**REQUIRED WORK:**
For the records that follow, please set down exactly the lines between the one holding "Dheera Pisati, the" and the one holding "Super retro look", inclusive, and only those.

*** THE INPUT ***

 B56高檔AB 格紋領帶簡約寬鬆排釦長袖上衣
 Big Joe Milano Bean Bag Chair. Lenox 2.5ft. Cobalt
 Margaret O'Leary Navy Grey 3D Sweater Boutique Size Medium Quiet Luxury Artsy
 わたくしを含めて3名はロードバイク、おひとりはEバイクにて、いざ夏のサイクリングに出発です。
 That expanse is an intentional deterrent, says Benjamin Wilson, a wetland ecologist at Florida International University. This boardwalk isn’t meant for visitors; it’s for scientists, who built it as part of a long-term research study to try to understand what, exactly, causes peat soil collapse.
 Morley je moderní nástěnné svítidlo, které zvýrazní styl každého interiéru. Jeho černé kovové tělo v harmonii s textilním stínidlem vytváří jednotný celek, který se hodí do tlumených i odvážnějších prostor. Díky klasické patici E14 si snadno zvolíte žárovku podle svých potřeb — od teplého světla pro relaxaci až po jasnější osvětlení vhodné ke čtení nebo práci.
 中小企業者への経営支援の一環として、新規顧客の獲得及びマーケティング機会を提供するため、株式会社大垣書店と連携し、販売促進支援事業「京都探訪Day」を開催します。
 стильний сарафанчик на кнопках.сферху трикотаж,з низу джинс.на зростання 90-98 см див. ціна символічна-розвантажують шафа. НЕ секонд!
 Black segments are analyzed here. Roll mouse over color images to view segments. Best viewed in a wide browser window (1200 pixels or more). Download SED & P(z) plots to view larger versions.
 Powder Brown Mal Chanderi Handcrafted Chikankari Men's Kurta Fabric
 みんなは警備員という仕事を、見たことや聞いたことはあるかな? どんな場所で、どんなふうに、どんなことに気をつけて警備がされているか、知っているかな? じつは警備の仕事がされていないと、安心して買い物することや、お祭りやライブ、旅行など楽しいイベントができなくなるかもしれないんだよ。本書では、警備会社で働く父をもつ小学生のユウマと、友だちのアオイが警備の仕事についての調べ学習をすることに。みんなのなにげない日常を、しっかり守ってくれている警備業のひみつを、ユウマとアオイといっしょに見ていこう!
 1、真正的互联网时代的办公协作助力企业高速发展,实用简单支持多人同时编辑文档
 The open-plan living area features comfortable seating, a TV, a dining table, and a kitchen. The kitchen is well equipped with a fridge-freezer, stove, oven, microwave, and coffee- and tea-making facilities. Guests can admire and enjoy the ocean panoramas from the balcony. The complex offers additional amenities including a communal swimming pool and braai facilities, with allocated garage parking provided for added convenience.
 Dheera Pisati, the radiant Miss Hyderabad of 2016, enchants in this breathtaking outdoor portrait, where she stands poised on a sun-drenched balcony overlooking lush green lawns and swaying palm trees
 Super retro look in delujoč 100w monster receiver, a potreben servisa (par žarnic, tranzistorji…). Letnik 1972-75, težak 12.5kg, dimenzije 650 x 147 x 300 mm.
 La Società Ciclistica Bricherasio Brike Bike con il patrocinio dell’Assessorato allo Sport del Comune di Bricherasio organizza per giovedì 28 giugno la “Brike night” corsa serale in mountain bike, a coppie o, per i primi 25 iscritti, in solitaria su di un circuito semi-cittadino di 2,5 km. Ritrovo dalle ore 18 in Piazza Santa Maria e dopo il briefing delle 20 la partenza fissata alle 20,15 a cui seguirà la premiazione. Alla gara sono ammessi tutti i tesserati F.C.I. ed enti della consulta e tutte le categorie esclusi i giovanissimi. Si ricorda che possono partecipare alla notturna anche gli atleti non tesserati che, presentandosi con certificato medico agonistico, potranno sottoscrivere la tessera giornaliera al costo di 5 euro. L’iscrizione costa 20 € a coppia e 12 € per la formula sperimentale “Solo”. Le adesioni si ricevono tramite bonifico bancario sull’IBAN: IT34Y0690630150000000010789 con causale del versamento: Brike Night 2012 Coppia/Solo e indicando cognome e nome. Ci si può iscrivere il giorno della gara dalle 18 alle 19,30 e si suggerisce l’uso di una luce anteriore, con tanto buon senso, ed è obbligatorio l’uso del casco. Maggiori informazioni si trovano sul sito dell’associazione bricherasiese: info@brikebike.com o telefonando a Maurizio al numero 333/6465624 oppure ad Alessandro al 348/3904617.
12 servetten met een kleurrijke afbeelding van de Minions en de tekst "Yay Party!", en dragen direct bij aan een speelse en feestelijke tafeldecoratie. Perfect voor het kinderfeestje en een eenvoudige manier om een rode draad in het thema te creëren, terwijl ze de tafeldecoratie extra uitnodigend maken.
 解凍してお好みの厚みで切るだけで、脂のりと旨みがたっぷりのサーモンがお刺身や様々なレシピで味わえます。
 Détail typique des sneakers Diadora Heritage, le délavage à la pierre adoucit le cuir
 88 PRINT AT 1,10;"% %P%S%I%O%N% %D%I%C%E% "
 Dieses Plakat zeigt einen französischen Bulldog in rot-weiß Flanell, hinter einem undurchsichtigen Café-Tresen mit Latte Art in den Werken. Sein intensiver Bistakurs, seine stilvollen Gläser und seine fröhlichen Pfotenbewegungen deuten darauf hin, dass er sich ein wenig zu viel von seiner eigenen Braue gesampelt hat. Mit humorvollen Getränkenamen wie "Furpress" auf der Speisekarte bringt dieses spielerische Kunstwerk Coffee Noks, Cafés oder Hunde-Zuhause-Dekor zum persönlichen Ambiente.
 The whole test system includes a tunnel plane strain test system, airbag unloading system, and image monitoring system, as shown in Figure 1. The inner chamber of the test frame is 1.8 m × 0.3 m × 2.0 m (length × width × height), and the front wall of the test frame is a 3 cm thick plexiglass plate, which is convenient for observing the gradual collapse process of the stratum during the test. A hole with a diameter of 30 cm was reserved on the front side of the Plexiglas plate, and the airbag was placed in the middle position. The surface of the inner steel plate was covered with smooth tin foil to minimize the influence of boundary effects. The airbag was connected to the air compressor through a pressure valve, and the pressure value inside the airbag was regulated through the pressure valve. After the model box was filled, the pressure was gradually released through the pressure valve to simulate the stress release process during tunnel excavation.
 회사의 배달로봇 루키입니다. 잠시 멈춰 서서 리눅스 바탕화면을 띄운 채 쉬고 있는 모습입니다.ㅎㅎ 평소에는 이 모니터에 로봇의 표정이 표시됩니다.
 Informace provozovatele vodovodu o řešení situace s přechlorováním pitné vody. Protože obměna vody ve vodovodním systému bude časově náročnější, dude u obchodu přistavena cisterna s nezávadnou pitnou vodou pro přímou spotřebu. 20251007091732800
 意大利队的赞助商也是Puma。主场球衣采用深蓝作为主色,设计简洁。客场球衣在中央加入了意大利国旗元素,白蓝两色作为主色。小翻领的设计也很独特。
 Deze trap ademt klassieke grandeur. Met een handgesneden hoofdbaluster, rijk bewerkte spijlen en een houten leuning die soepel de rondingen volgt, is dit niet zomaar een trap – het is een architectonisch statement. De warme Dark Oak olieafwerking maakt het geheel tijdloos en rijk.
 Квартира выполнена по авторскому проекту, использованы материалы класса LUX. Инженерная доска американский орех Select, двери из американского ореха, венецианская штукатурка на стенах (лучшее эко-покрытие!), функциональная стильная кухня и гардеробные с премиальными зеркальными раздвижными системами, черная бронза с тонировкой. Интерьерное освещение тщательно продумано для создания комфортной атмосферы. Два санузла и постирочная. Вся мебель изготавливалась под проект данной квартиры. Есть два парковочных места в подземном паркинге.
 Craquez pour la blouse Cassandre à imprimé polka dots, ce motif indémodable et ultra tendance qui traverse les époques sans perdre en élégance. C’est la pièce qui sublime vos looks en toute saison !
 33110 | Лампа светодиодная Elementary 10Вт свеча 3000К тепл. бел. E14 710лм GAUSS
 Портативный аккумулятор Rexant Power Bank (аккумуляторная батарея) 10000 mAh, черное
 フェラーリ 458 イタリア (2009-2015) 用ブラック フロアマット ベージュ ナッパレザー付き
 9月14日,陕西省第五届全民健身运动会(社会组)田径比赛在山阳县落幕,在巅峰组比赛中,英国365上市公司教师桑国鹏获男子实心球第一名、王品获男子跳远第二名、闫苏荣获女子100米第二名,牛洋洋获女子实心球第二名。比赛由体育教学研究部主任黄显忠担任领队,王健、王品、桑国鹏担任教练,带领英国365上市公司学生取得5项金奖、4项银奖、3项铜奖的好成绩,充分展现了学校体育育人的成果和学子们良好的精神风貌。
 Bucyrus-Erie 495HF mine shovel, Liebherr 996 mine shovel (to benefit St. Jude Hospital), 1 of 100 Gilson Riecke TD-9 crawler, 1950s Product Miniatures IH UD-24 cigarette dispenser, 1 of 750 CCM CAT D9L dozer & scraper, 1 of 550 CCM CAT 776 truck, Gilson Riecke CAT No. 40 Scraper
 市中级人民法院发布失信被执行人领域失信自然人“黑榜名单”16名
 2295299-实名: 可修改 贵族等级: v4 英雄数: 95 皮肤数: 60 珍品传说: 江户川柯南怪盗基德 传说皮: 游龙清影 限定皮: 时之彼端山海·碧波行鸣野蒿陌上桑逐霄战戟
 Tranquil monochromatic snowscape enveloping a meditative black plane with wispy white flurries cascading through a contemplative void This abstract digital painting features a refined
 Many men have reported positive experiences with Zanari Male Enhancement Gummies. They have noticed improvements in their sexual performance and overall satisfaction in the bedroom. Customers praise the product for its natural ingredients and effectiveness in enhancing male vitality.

*** End of THE INPUT ***

**OUTPUT BELOW:**
 Dheera Pisati, the radiant Miss Hyderabad of 2016, enchants in this breathtaking outdoor portrait, where she stands poised on a sun-drenched balcony overlooking lush green lawns and swaying palm trees
 Super retro look in delujoč 100w monster receiver, a potreben servisa (par žarnic, tranzistorji…). Letnik 1972-75, težak 12.5kg, dimenzije 650 x 147 x 300 mm.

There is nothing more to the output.